You end up combining a lot of those potentially. So the hashing is definitely weaker.

QuantamHD · 2024-02-05T23:46:48Z

I wonder if pulling in xxhash or cityhash would be an improvement here.

rmlarsen · 2024-02-05T23:49:53Z

BTW: This code is really weird. unsigned int is 32 bit per the C++ standard.

yosys/kernel/hashlib.h

Line 39 in 1b73b5b

inline unsigned int mkhash_xorshift(unsigned int a) {

rmlarsen · 2024-02-06T00:03:42Z

passes/opt/opt_merge.cc

-			hash_conn_strings.push_back(s + "\n");
+			conn_hash = mkhash(a.hash(), acc);
+		} else {
+			for (auto conn : cell->connections())
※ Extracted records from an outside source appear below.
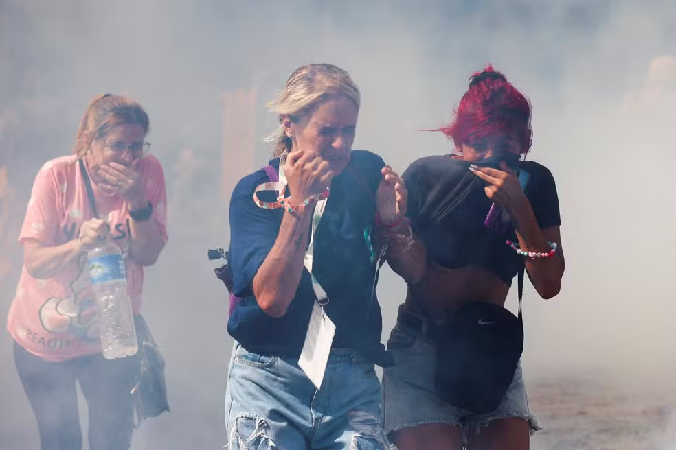 Mulheres correm em meio a gás lacrimogêneo durante um protesto em frente ao Senado argentino, em 11 de fevereiro de 2026 — Foto: REUTERS/Cristina Sille
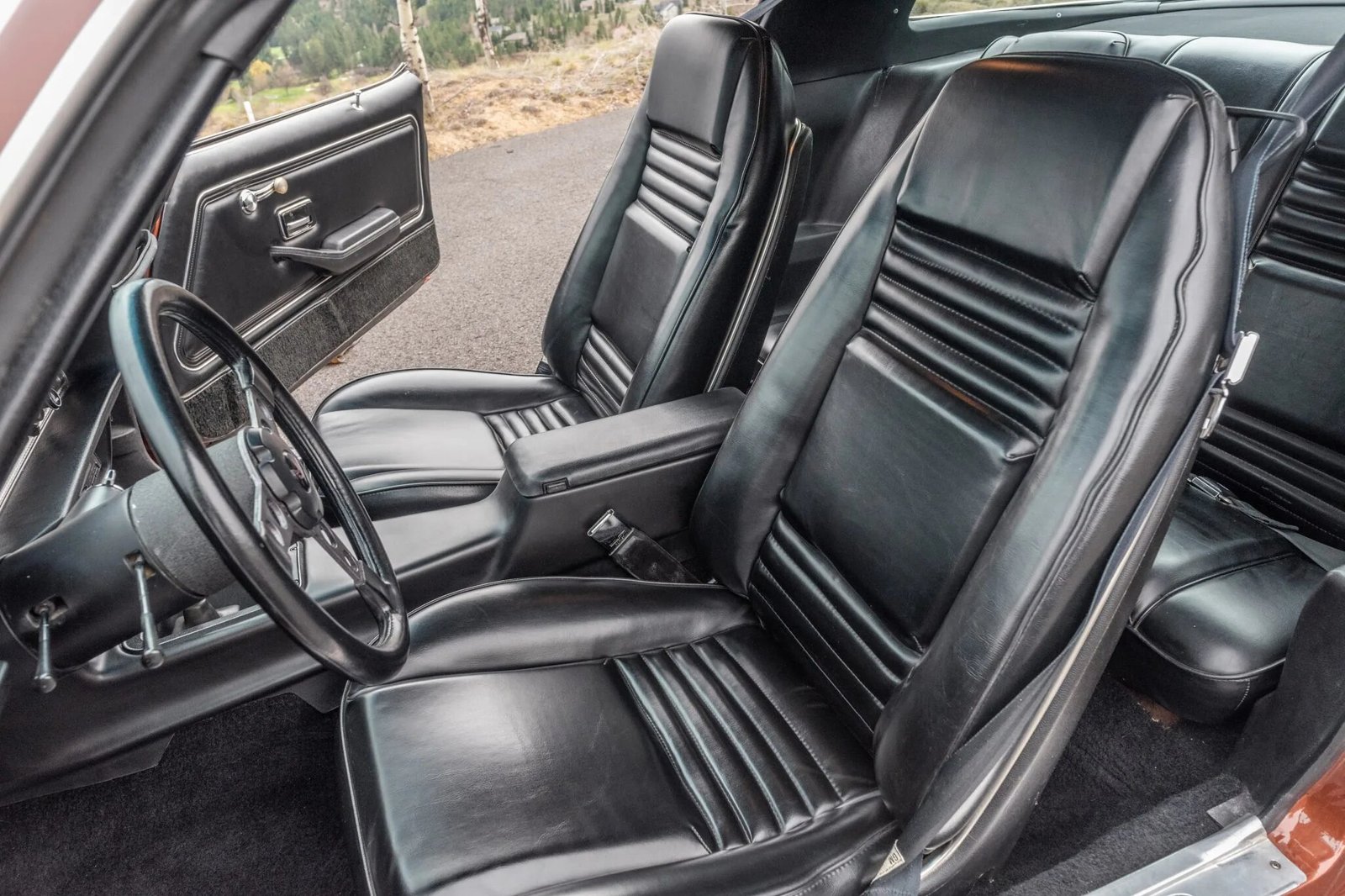 The cabin houses front bucket seats and a rear split bench trimmed in black vinyl along with matching door panels and carpeting.
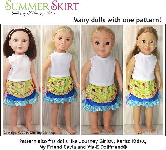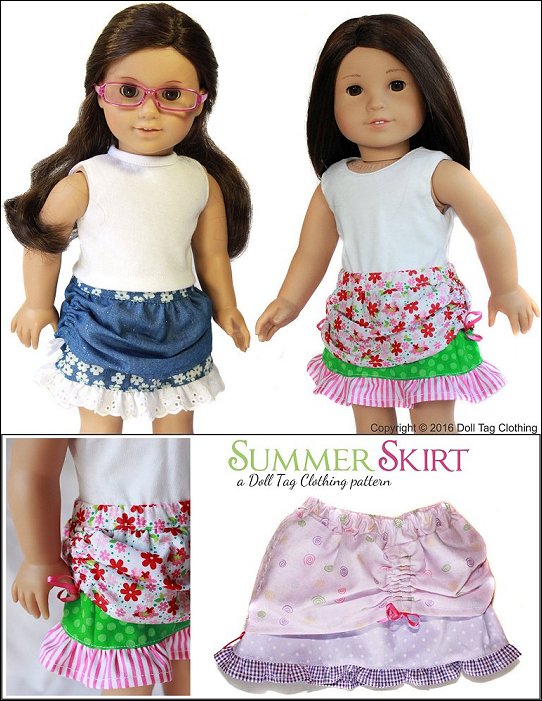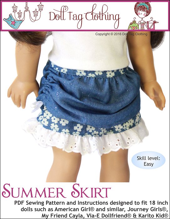 You can make a variety of different skirts in different fabrics and prints with the Summer Skirt PDF Pattern.Doll Size:18 inch dolls like SA Girl Doll, Our Generation or American GirlAlso fits - Journey GirlsĀ®, Karito KidsĀ®, DollfriendsĀ® by Via-E and My Friend CaylaYou Will Need: - 1/8 yard of two types of fabric plus a scrap for bottom ruffle- 1/4″ wide ribbon- Elastic
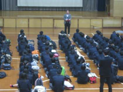 2月8日(金)いよいよ明日,2月9日(土)から京阪神の私学入試が始まります。本日5限,受験する3年生が体育館に集合して事前指導が行われ,校長先生と学年主任の先生からの激励と,進路指導主事の先生から入試に向けての注意等の説明がありました。明日は早めに家を出て,余裕を持って会場に着けるようにしましょう。教職員一同,皆さんの健闘を心から願っています。がんばれ旭中生!!
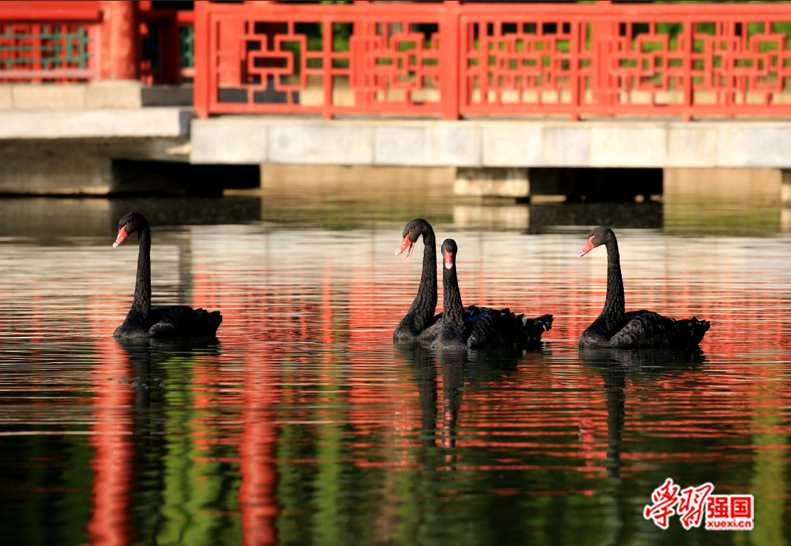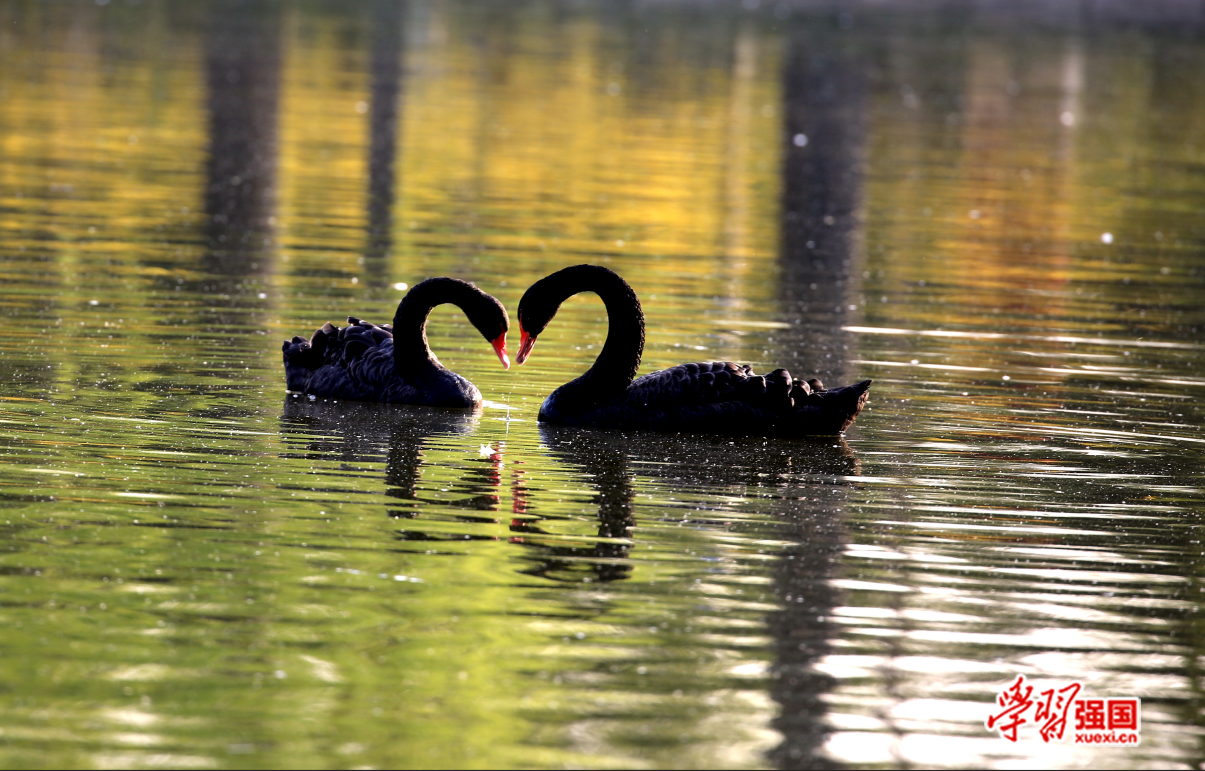 黑天鹅原产于澳大利亚,是天鹅家族中的重要一员,常栖息于海岸、海湾、湖泊等水域,成对或结群活动,主要以各种水生植物和藻类为食,通常是一夫一妻制,并且终身相伴。农涛 摄

I don't quite grok what's going on here, but it seems quite different from the original hashing of connections. Could this be the source of more collisions?

povik · 2024-02-06T09:14:51Z

BTW: This code is really weird. unsigned int is 32 bit per the C++ standard.

yosys/kernel/hashlib.h

Line 39 in 1b73b5b

inline unsigned int mkhash_xorshift(unsigned int a) {

Right, that doesn't make much sense.

povik · 2024-02-06T09:16:44Z

Turns out the collisions are due to a combination of mkhash being a weak mixing primitive, and Const hashing not working at all (hash() for those returns a constant due to a coding error). Let me collect my changes and push.

nakengelhardt · 2024-02-06T09:49:45Z

BTW: This code is really weird. unsigned int is 32 bit per the C++ standard.

Wait, what? ILP64 may not be popular but since when does the C++ standard ban it?

povik · 2024-02-06T09:53:40Z

BTW: This code is really weird. unsigned int is 32 bit per the C++ standard.

Wait, what? ILP64 may not be popular but since when does the C++ standard ban it?

Second closer look at https://en.cppreference.com/w/cpp/language/types indeed confirms the standard allows int be 64-bit, the page just doesn't list it as an option in the "common data models" table. I will revert the mkhash_xorshift change.

povik · 2024-02-06T10:09:17Z

I will revert the mkhash_xorshift change.

On second thought those ILP64 being so rare there's no point keeping a special branch for them, if the default branch is basically fine too. I think I will keep the change in.

nakengelhardt · 2024-02-06T10:18:28Z

It's currently the only way to get around the limitation on design size, which people do run into somewhat regularly.

yosys/kernel/hashlib.h

Lines 203 to 204 in d00843d

    
           if (sizeof(int) == 4) 
        
           	throw std::length_error("hash table exceeded maximum size.\nDesign is likely too large for yosys to handle, if possible try not to flatten the design.");

I don't know if anyone has taken this path in practice, but from past conversations in issues I suspect some people patched yosys locally to replace "int" with "long". We might want to go that way long-term too... we've stayed away from it so far out of fear of introducing more subtle issues that our tests won't be able to uncover, but given how we keep finding that the hash wasn't working properly in the first place maybe we should just go for it.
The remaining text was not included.